In the forum, Benjamin spoke about her direct questioning of President Barack Obama in the 2013 foreign policy address, as well as her recent trips to Pakistan and Yemen, which helped her inform others about the innocent people being killed by U.S. drone strikes.

(Alexa Gagosz/Acting International Editor)

“As President Obama was speaking about a year and a half ago when he was giving his foreign policy talk, I don’t tell anyone how I did it, but I managed to get inside of there when we were working on drones. The US was lying to the people, first saying that we weren’t using them, and secondly, they were saying that they weren’t killing civilians,” Benjamin said at the forum. “Now Alli and I have been to Pakistan and Yemen and met with families whose loved ones were killed. We knew our government was lying.”

Benjamin then talked of the prisoners still being held by the CIA in Guantanamo Bay detention camp, the U.S. military prison located in Cuba, for the past 12 years now after they were cleared for release already.

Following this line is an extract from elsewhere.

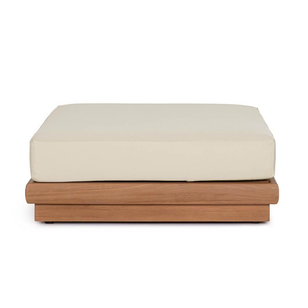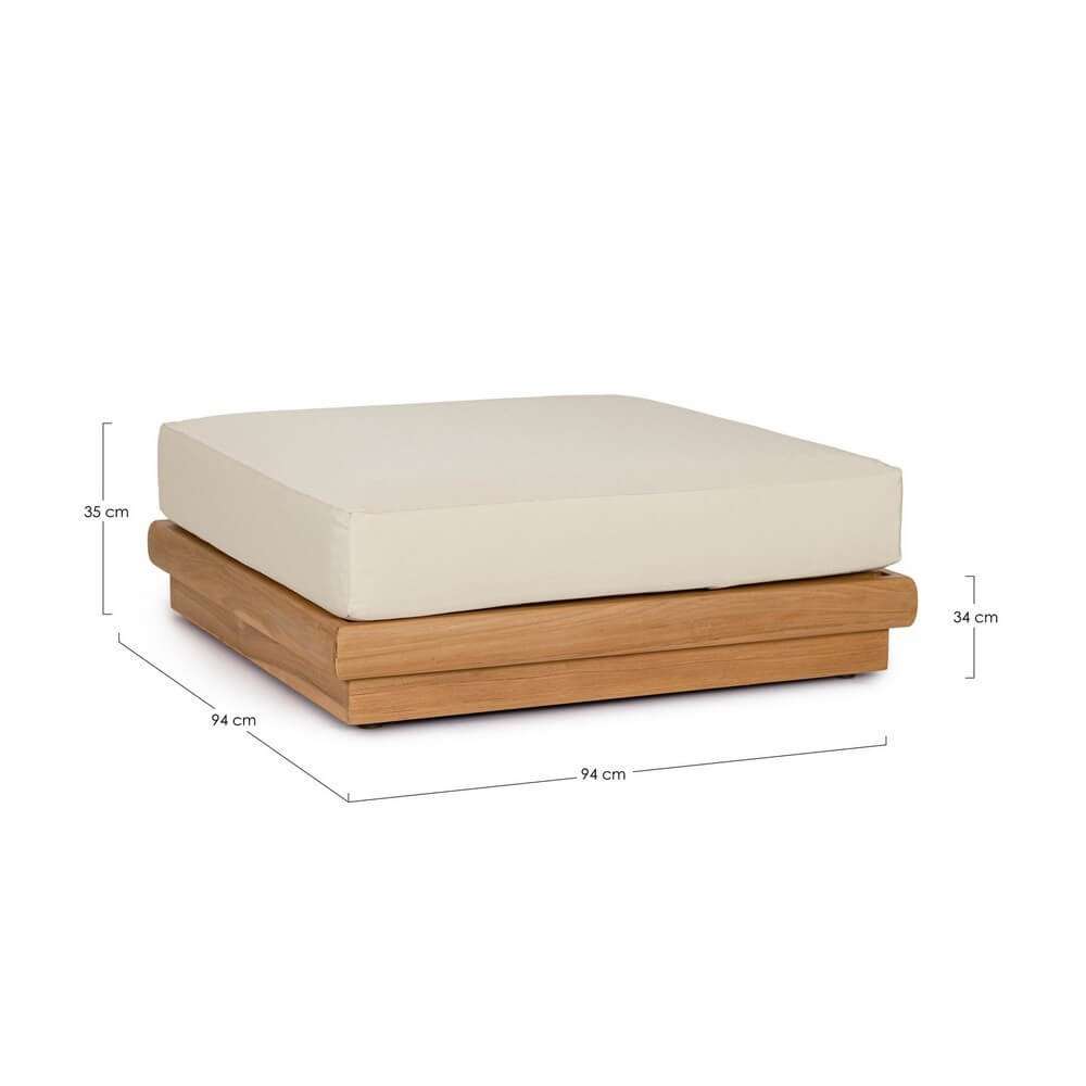 Il Poggiapiedi Teak Marrone Moderno da Esterno – SERELIS è la sintesi perfetta tra stile minimalista e funzionalità pensata per l’arredo giardino di alta gamma. Realizzato con una solida struttura in teak certificato SVLK proveniente da foreste sostenibili, questo complemento esprime un’eleganza naturale grazie al calore del legno marrone e alla bellezza sobria delle linee geometriche. Il cuscino in tessuto idrorepellente Sunproof Olefin, sfoderabile e resistente agli agenti atmosferici, dona un comfort raffinato e duraturo, ideale per momenti di relax all’aria aperta. Ogni dettaglio è pensato per offrire qualità e durata nel tempo: il teak, pregiato per l’alto contenuto di oli naturali, si distingue per resistenza e fascino estetico, pur richiedendo attenzione nell’uso diretto con i cuscini. Il design basso e moderno si adatta armoniosamente a qualsiasi salotto da giardino contemporaneo, valorizzando spazi outdoor come terrazze, verande o bordi piscina. Il Poggiapiedi SERELIS esprime al meglio il suo valore quando inserito in un ambiente rilassante e ben curato, diventando il dettaglio essenziale che completa con discreta eleganza ogni zona living esterna.

Benjamin claimed that organizations including the CIA, FBI, and NSA have said the prisoners are not guilty, but have yet to be released.

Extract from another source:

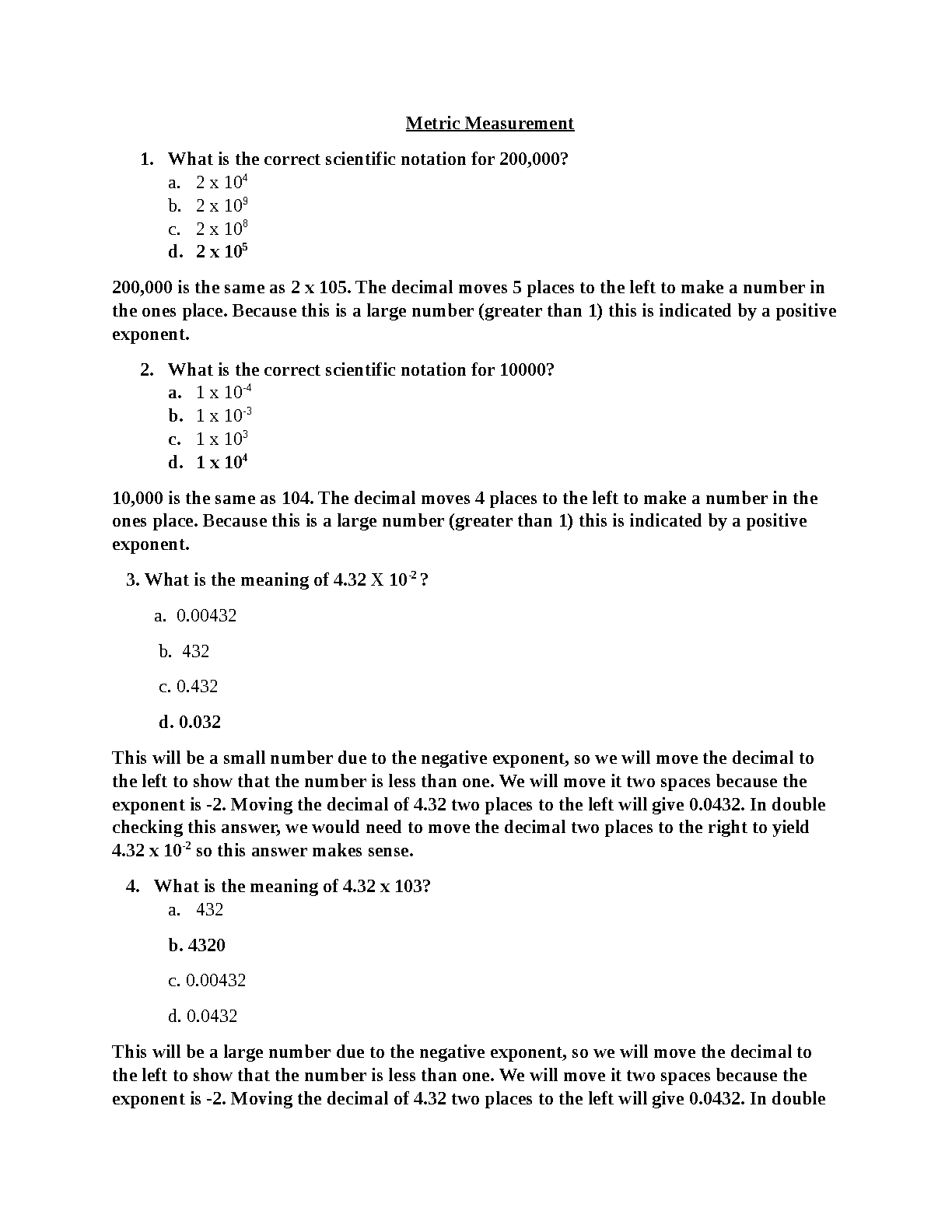 Metric Measurement & Scientific Notation Test Bank: Verified Questions and Answers with Detailed Explanations for Exam Success

“So here I was, and the president was speaking. Now we heard because of the media buzz that he was going to announce some major policy changes. The entire speech he didn’t say anything about any changes so when he said, ‘now the last thing I want to talk about,’ I knew that he wasn’t going to talk about Guantanamo. So I stood up and I said, ‘you are the commander-in-chief, you could release all the cleared prisoners from Guantanamo immediately,’” Benjamin said, describing her presence at the foreign policy address.

She said that at first, Obama attempted to ignore her as there were “badges being flown around me everywhere ready to kick me out.”

But, after a while, she said that he started to engage with her.

Obama said to the audience that her points were clear and true, that they should listen to her; yet even with the president’s support, she was thrown out of the address for questioning the President’s authority.

Benjamin spoke about her personal history in protesting and challenging the government’s decisions. She said she found it sad that young people nowadays live in fear instead of acting out or questioning authority like her generation did in the 1960s.

“In this country, people are always saying that there are such awful things going on,” Benjamin said. “And yes, it’s terrible that the NSA are spying on people, that the police are killing people who are unarmed, but we also have to remember that in this country we have a lot of liberties. And we should use them. Or else they get taken away more and more.”